Task brief — All of the data is to be written out again exactly, without the pictures.

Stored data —
+ + + +

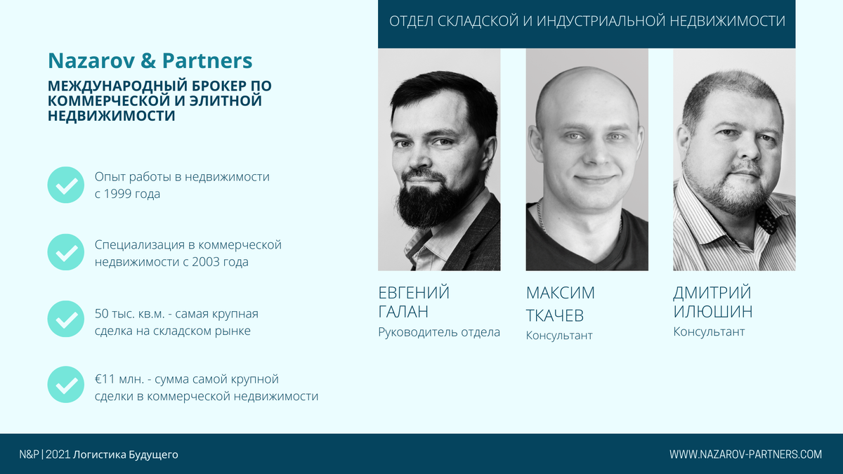Компания “Nazarov & Partners”, - мы 22 года существуем на рынке. Последние 17 лет специализируемся на коммерческой недвижимости. И пять лет из них очень активно развиваем направление индустриальной и складской недвижимости. Руководитель направления, Евгений Галан.
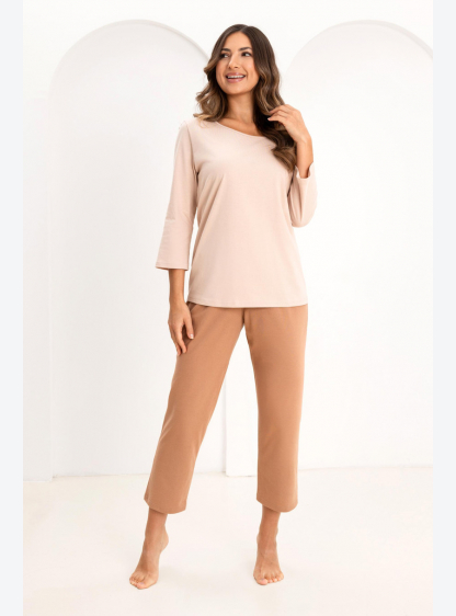Жіноча піжама з високоякісної, ніжної та приємної на дотик віскози. Топ з рукавами 3/4 має ніжний ві..
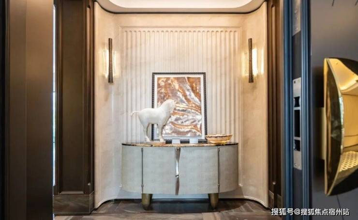 例如入户玄关铺设有“石材皇后”鱼肚印象,这种级别的奢石在很多项目中通常仅作局部镶嵌。
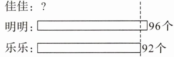6. 右图是佳佳、明明、乐乐一分钟拍球个数情况统计图,已知明明拍了 96 个,乐乐拍了 92 个,虚线处是三人拍的平均个数,佳佳拍球成绩是(
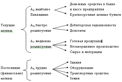 их ликвидности и пассивов предприятия по степени срочности их погашения. Также

+ + + +

Answer space —
Компания “Nazarov & Partners”, - мы 22 года существуем на рынке. Последние 17 лет специализируемся на коммерческой недвижимости. И пять лет из них очень активно развиваем направление индустриальной и складской недвижимости. Руководитель направления, Евгений Галан.
Жіноча піжама з високоякісної, ніжної та приємної на дотик віскози. Топ з рукавами 3/4 має ніжний ві..
 例如入户玄关铺设有“石材皇后”鱼肚印象,这种级别的奢石在很多项目中通常仅作局部镶嵌。
6. 右图是佳佳、明明、乐乐一分钟拍球个数情况统计图,已知明明拍了 96 个,乐乐拍了 92 个,虚线处是三人拍的平均个数,佳佳拍球成绩是(
 их ликвидности и пассивов предприятия по степени срочности их погашения. Также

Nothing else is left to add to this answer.